YOUR ASSIGNMENT
Lines from the one with "Luxe zwarte keuken" up to and including the one with "綺麗なツイル目と微光沢感が特" are to be copied exactly from the records below, without their pictures.

WORKING DATA
• • •

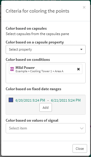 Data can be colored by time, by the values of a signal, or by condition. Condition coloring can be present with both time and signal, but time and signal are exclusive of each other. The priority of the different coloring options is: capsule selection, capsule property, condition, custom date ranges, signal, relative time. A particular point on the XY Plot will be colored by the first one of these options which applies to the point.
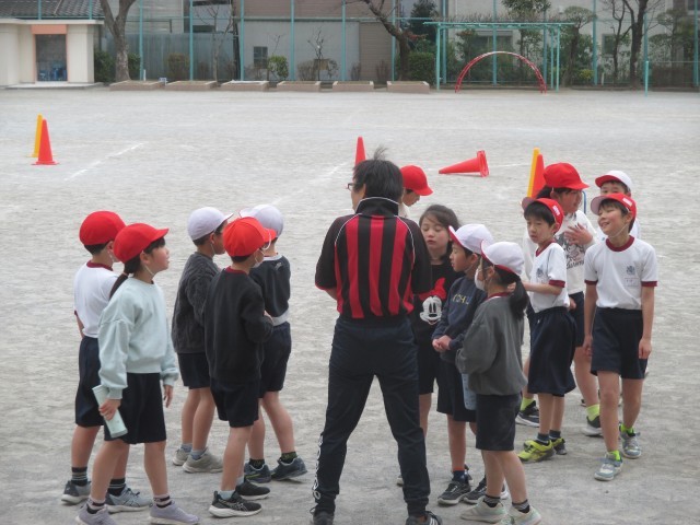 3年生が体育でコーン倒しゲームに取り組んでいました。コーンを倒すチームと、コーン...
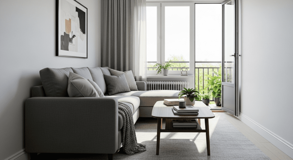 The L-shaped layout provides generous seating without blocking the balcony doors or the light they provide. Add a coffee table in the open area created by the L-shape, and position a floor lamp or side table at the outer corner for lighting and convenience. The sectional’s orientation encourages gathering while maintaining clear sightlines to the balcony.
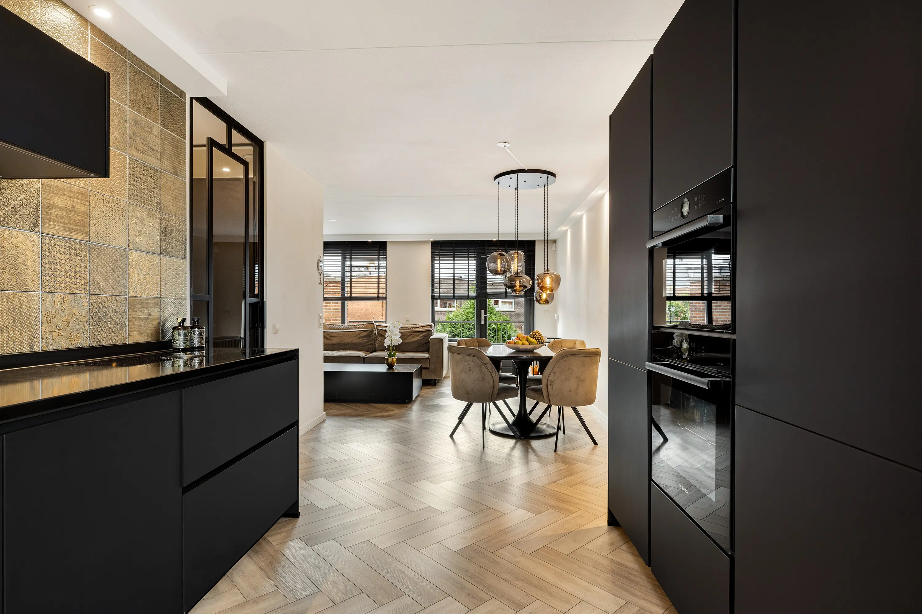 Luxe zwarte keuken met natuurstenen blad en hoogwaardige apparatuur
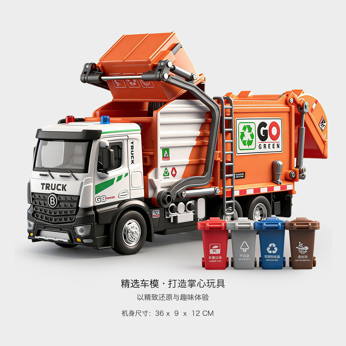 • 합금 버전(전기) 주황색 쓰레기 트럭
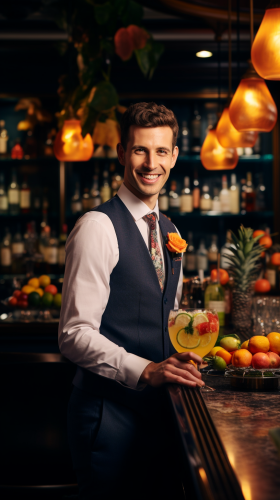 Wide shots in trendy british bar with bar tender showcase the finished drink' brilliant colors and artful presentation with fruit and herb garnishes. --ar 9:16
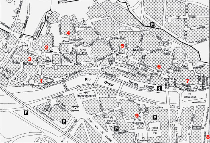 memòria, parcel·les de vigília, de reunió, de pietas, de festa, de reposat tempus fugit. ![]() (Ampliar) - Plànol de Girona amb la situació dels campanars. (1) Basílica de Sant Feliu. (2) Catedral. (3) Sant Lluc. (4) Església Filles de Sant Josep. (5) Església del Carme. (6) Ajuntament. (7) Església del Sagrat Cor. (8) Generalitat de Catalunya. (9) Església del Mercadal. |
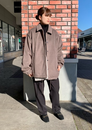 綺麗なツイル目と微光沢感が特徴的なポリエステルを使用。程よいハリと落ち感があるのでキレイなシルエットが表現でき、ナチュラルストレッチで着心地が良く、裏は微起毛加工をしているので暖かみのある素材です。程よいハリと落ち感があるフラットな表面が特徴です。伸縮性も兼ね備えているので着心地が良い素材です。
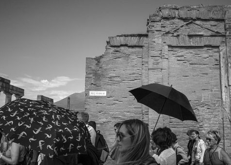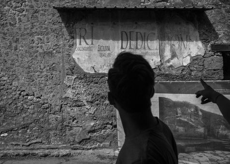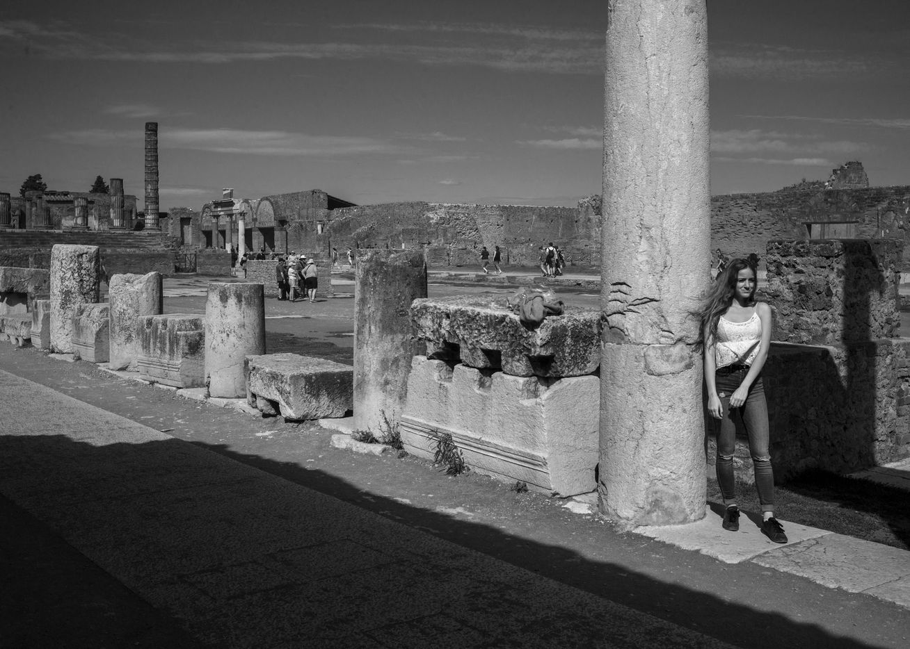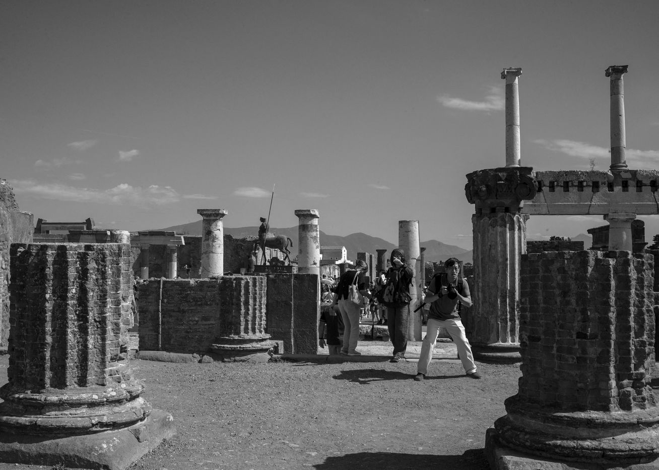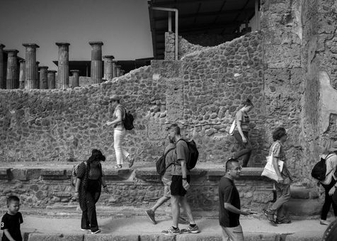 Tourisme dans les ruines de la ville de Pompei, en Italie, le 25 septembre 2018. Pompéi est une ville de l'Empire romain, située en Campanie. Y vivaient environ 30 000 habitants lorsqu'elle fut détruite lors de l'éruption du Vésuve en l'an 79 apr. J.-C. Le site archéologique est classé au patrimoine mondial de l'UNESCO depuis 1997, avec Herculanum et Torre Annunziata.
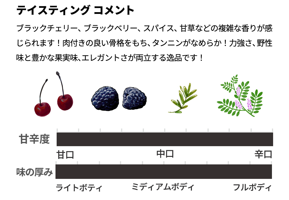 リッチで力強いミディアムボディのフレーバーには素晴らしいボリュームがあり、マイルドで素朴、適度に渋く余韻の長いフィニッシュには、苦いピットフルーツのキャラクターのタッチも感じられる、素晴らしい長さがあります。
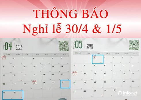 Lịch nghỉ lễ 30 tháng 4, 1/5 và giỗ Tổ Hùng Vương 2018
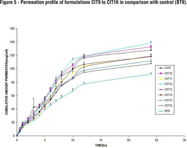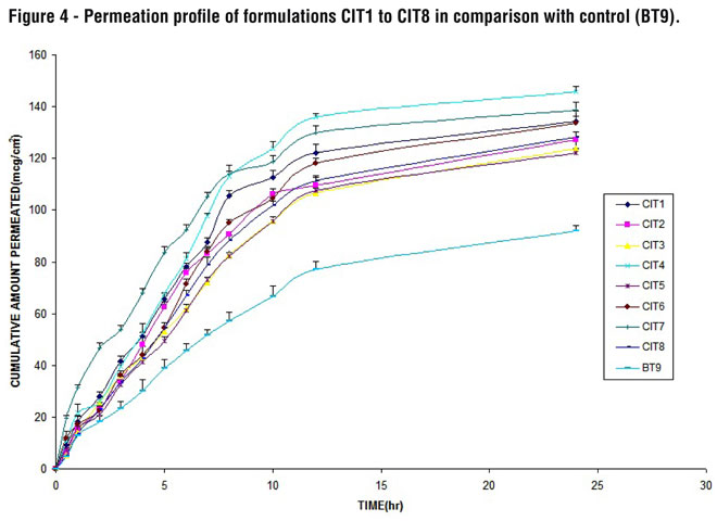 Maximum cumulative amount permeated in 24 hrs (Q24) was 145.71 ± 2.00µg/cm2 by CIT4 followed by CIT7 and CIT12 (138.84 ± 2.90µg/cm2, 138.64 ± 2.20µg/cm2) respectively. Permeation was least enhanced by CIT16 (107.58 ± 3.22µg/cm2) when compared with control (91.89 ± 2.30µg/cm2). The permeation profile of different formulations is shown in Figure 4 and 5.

• • •

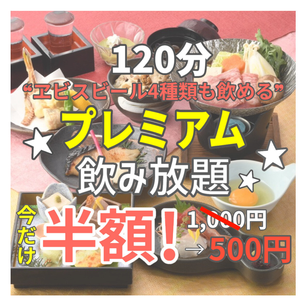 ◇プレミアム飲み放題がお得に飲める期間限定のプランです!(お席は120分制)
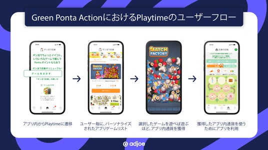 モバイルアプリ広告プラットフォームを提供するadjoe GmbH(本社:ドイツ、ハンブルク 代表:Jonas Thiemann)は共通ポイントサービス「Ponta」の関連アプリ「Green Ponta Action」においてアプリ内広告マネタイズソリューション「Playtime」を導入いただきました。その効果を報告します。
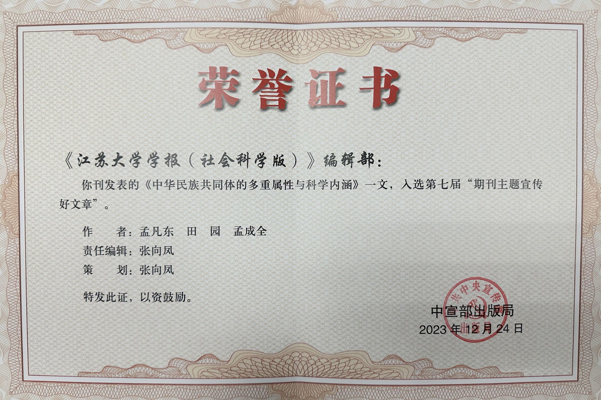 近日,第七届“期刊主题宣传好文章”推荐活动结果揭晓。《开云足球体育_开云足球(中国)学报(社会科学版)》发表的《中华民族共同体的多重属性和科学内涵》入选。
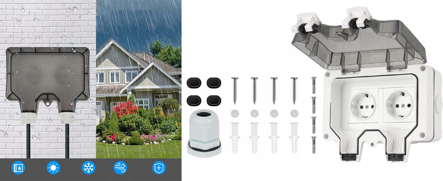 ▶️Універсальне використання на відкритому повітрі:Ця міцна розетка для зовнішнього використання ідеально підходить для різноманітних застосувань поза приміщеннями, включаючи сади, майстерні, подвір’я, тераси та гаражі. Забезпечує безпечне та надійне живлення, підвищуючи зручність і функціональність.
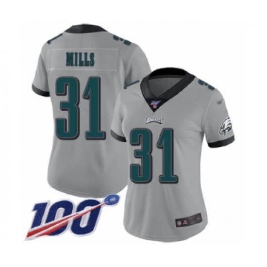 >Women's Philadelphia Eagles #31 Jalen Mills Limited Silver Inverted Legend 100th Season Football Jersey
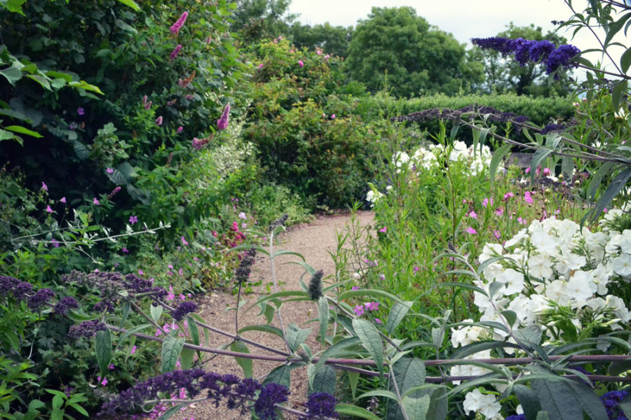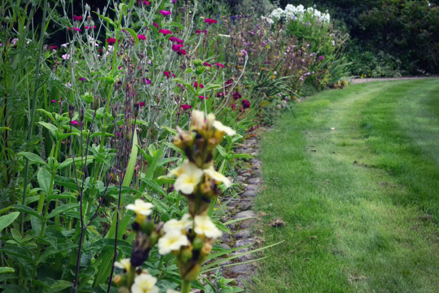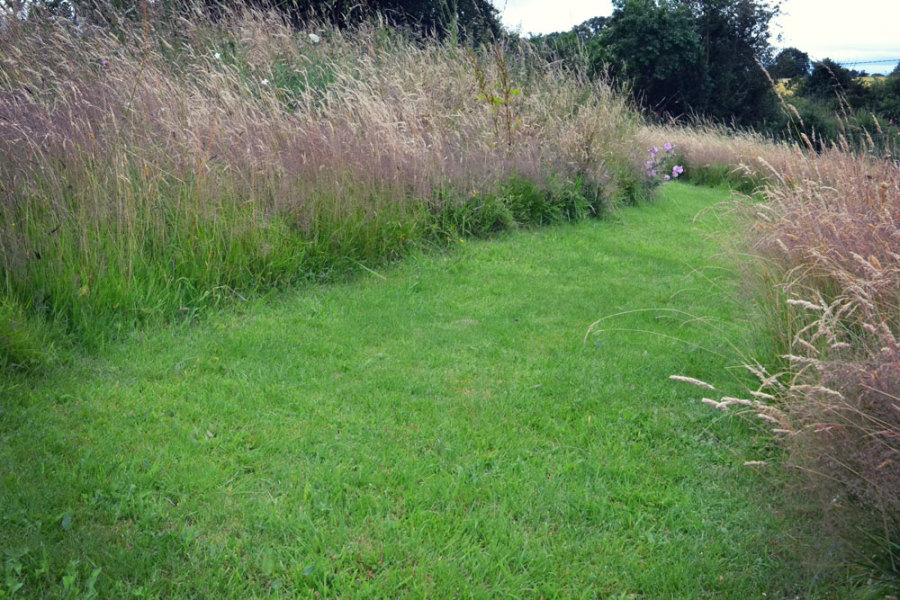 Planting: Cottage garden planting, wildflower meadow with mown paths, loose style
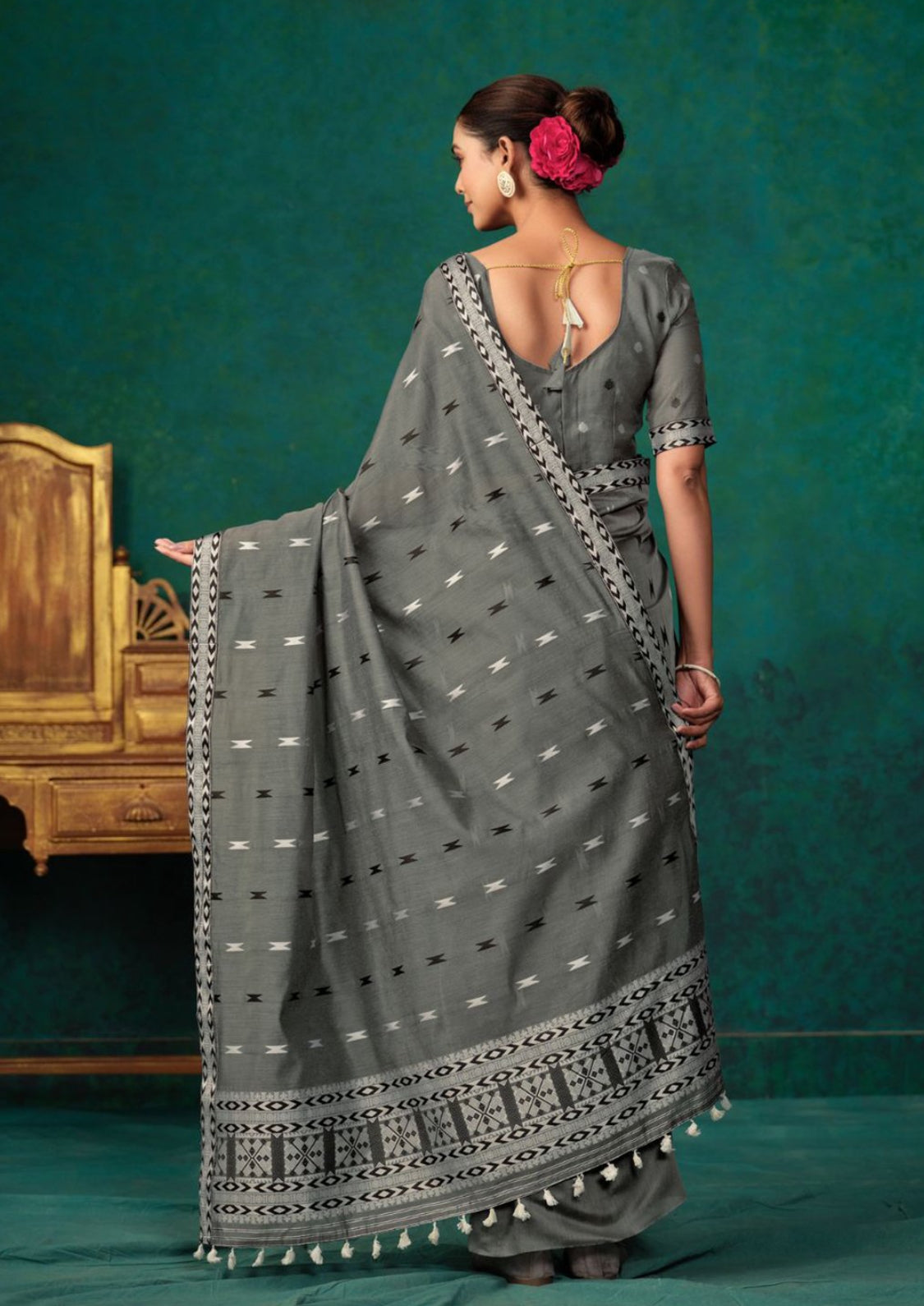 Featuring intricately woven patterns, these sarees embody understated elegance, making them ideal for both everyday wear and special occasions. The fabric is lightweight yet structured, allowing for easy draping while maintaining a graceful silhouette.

• • •

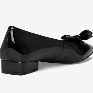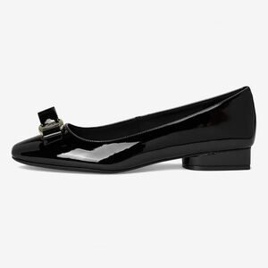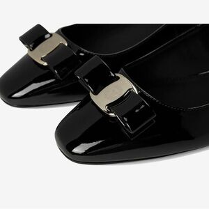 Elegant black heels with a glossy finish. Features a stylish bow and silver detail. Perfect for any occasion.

• • •

ANSWER FOR THIS EXERCISE
 Luxe zwarte keuken met natuurstenen blad en hoogwaardige apparatuur
 • 합금 버전(전기) 주황색 쓰레기 트럭
 Wide shots in trendy british bar with bar tender showcase the finished drink' brilliant colors and artful presentation with fruit and herb garnishes. --ar 9:16
 memòria, parcel·les de vigília, de reunió, de pietas, de festa, de reposat tempus fugit. ![]() (Ampliar) - Plànol de Girona amb la situació dels campanars. (1) Basílica de Sant Feliu. (2) Catedral. (3) Sant Lluc. (4) Església Filles de Sant Josep. (5) Església del Carme. (6) Ajuntament. (7) Església del Sagrat Cor. (8) Generalitat de Catalunya. (9) Església del Mercadal. |
 綺麗なツイル目と微光沢感が特徴的なポリエステルを使用。程よいハリと落ち感があるのでキレイなシルエットが表現でき、ナチュラルストレッチで着心地が良く、裏は微起毛加工をしているので暖かみのある素材です。程よいハリと落ち感があるフラットな表面が特徴です。伸縮性も兼ね備えているので着心地が良い素材です。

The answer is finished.